### [PROVIDED DATA]
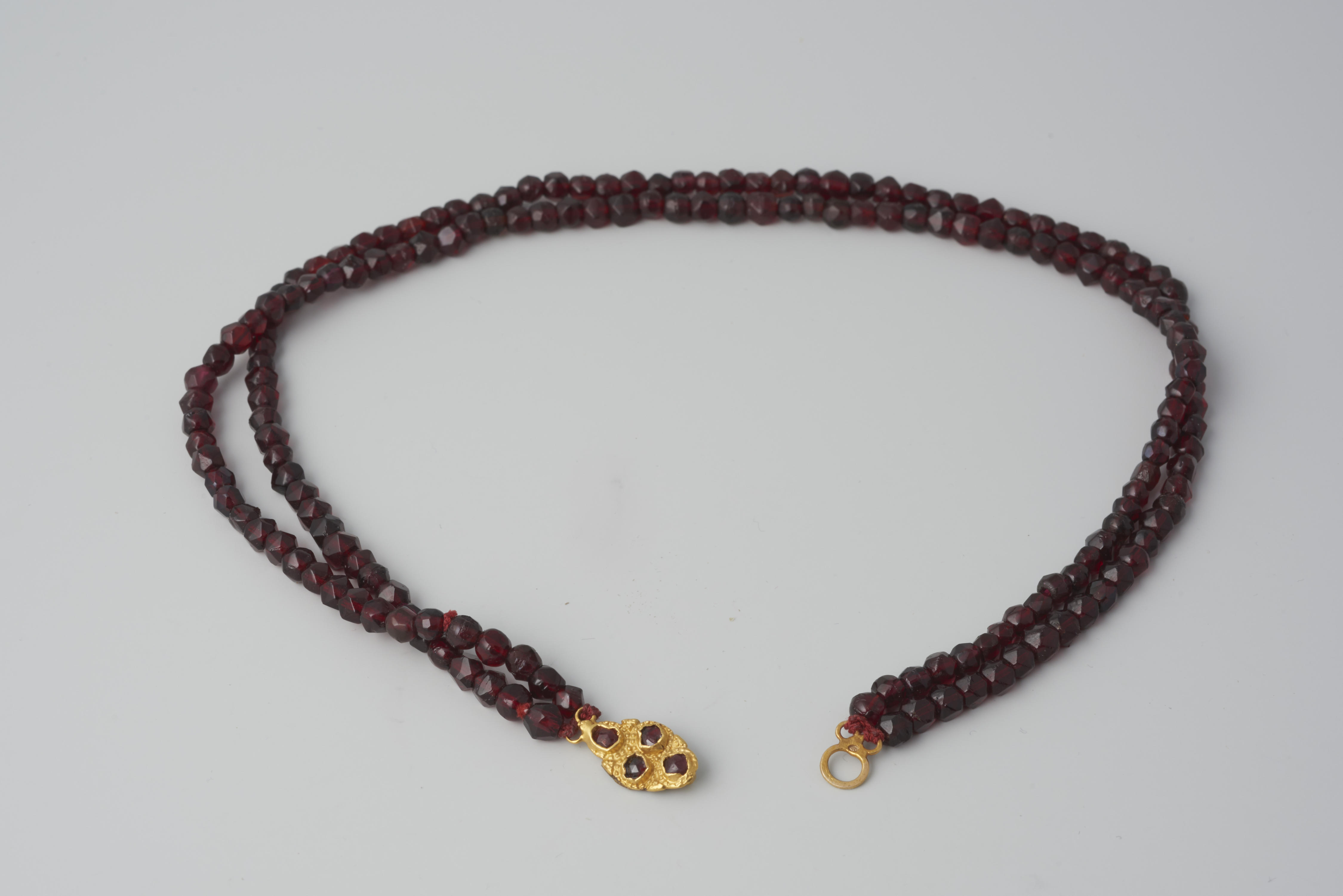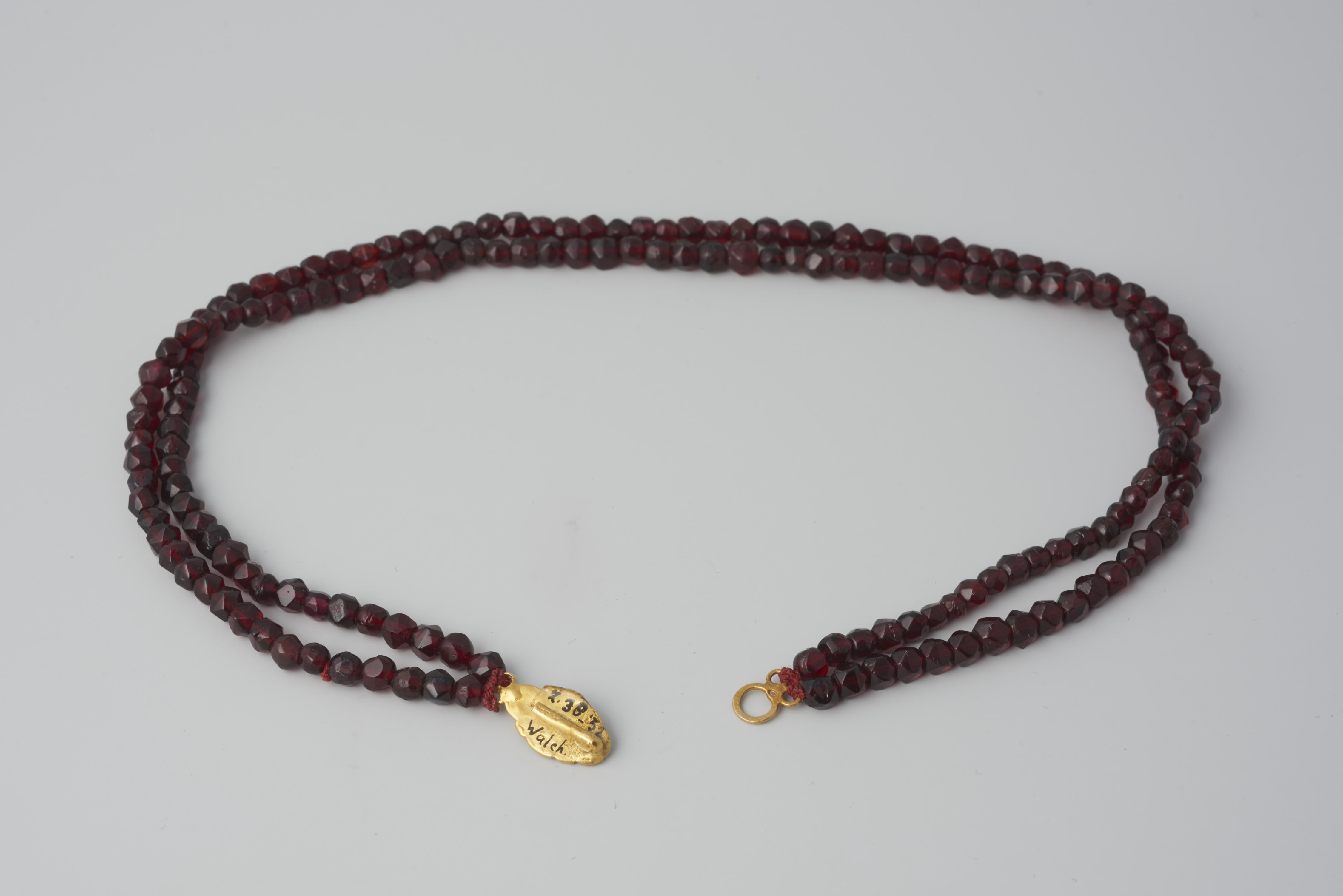 Halssnoer, bestaande uit twee strengen glazen kralen aan een 14-karaats gouden slot. Het slot is in 1952 verworven zonder kralen. In 1966 zijn de kralen door het museum aan het slot gezet. Het slot is gedragen door een vrouw van het eiland Walcheren. Het is mogelijk eind achttiende-eeuws of begin negentiende-eeuws en in de tweede ...
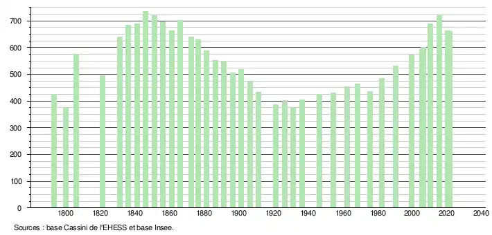 L'évolution du nombre d'habitants est connue à travers les recensements de la population effectués dans la commune depuis 1793. Pour les communes de moins de 10 000 habitants, une enquête de recensement portant sur toute la population est réalisée tous les cinq ans, les populations légales des années intermédiaires étant quant à elles estimées par interpolation ou extrapolation[24]. Pour la commune, le premier recensement exhaustif entrant dans le cadre du nouveau dispositif a été réalisé en 2005[25].
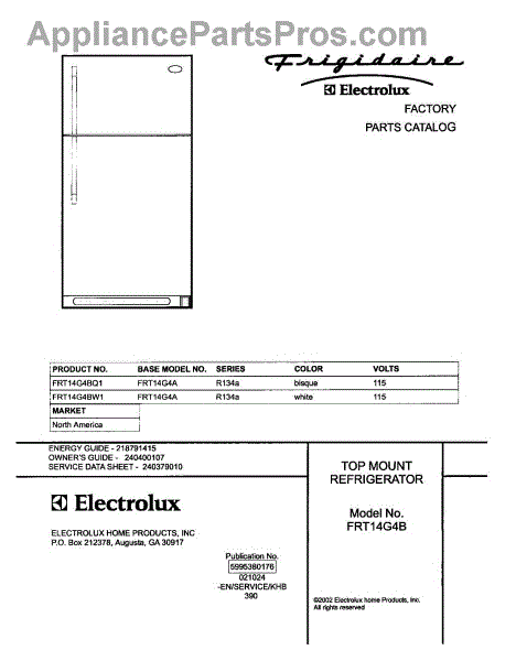Parts for Frigidaire FRT14G4BQ1: 01 - Cover Parts
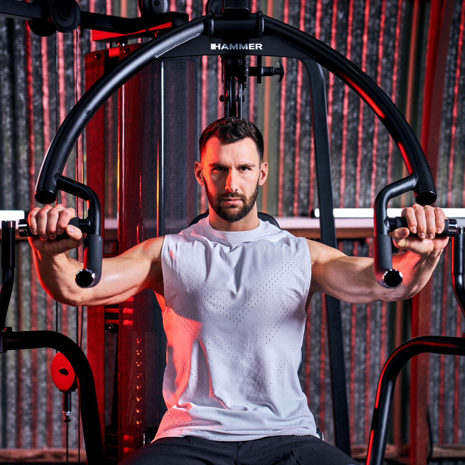 - Es handelt sich bei diesem Kraftgerät um ein Trainingsgerät der Klasse H, nach DIN EN 957-1/2.

### [DIRECTIONS]
The answer is the whole listing above, written out verbatim, without its pictures.

### [RESPONSE TO THIS EXERCISE]
 Halssnoer, bestaande uit twee strengen glazen kralen aan een 14-karaats gouden slot. Het slot is in 1952 verworven zonder kralen. In 1966 zijn de kralen door het museum aan het slot gezet. Het slot is gedragen door een vrouw van het eiland Walcheren. Het is mogelijk eind achttiende-eeuws of begin negentiende-eeuws en in de tweede ...
 L'évolution du nombre d'habitants est connue à travers les recensements de la population effectués dans la commune depuis 1793. Pour les communes de moins de 10 000 habitants, une enquête de recensement portant sur toute la population est réalisée tous les cinq ans, les populations légales des années intermédiaires étant quant à elles estimées par interpolation ou extrapolation[24]. Pour la commune, le premier recensement exhaustif entrant dans le cadre du nouveau dispositif a été réalisé en 2005[25].
Parts for Frigidaire FRT14G4BQ1: 01 - Cover Parts
 - Es handelt sich bei diesem Kraftgerät um ein Trainingsgerät der Klasse H, nach DIN EN 957-1/2.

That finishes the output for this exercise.